Minimum Path Sum - LeetCode 64 Solution in python

Minimum Path Sum medium

Problem Statement

Given a m x n grid filled with non-negative numbers, find a path from top left to bottom right which minimizes the sum of all numbers along its path.

You can only move either down or right at any point in time.

Example 1

Input: grid = [[1,3,1],[1,5,1],[4,2,1]] Output: 7 Explanation: Because the path 1 → 3 → 1 → 1 → 1 minimizes the sum.

Example 2

Input: grid = [[1,2,3],[4,5,6]] Output: 12

Steps

Initialization: Create a DP table (2D array) of the same size as the grid. Initialize the top-left cell of the DP table with the value of the top-left cell in the grid.
First Row and First Column: Fill the first row and the first column of the DP table. For the first row, each cell's value is the sum of the values of the cells to its left in the grid. Similarly, for the first column, each cell's value is the sum of the values of the cells above it in the grid.
Iteration: Iterate through the rest of the DP table.

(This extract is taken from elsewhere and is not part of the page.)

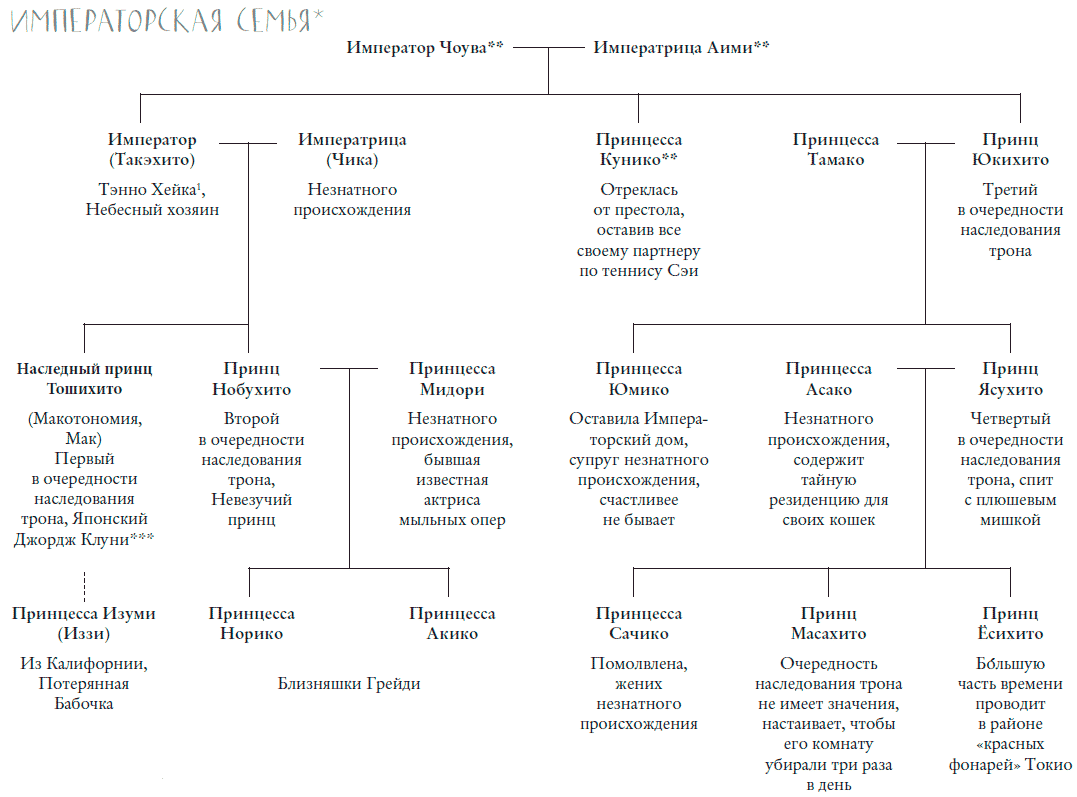 – Он из императорской семьи. – Пауза. Ее лицо озаряется улыбкой. – Принц. – Снова пауза. Улыбка становится шире. – Если быть точнее, наследный принц Японии. Его настоящее имя – Макотономия Тошихито.

For each cell dp[i][j], its value represents the minimum path sum to reach that cell. This minimum sum is the smaller of two possibilities:
- The minimum path sum to reach the cell from the cell above (dp[i-1][j]) plus the current cell's value in the grid.
- The minimum path sum to reach the cell from the cell to the left (dp[i][j-1]) plus the current cell's value in the grid.
Result: The bottom-right cell of the DP table (dp[m-1][n-1]) contains the minimum path sum from the top-left to the bottom-right cell.

Explanation

This problem is a classic dynamic programming problem. The key idea is that the minimum path sum to reach a cell is dependent only on the minimum path sums to the cells above and to the left of it. By building up the solution from the top-left to the bottom-right, we can efficiently compute the minimum path sum. The DP table stores the minimum path sums for each cell, avoiding redundant calculations.

Code

class Solution {
    public int minPathSum(int[][] grid) {
        int m = grid.length;
        int n = grid[0].length;

        // Create DP table
        int[][] dp = new int[m][n];

        // Initialize top-left cell
        dp[0][0] = grid[0][0];

        // Initialize first row
        for (int i = 1; i < n; i++) {
            dp[0][i] = dp[0][i - 1] + grid[0][i];
        }

        // Initialize first column
        for (int i = 1; i < m; i++) {
            dp[i][0] = dp[i - 1][0] + grid[i][0];
        }

        // Iterate through the rest of the DP table
        for (int i = 1; i < m; i++) {
            for (int j = 1; j < n; j++) {
                dp[i][j] = Math.min(dp[i - 1][j], dp[i][j - 1]) + grid[i][j];
            }
        }

        // Return the minimum path sum
        return dp[m - 1][n - 1];
    }
}

Complexity

Time Complexity: O(m*n), where 'm' and 'n' are the dimensions of the grid. We iterate through the DP table once.
Space Complexity: O(m*n), due to the DP table. We can optimize this to O(min(m,n)) by using a 1D array if needed, but this would make the code slightly less readable.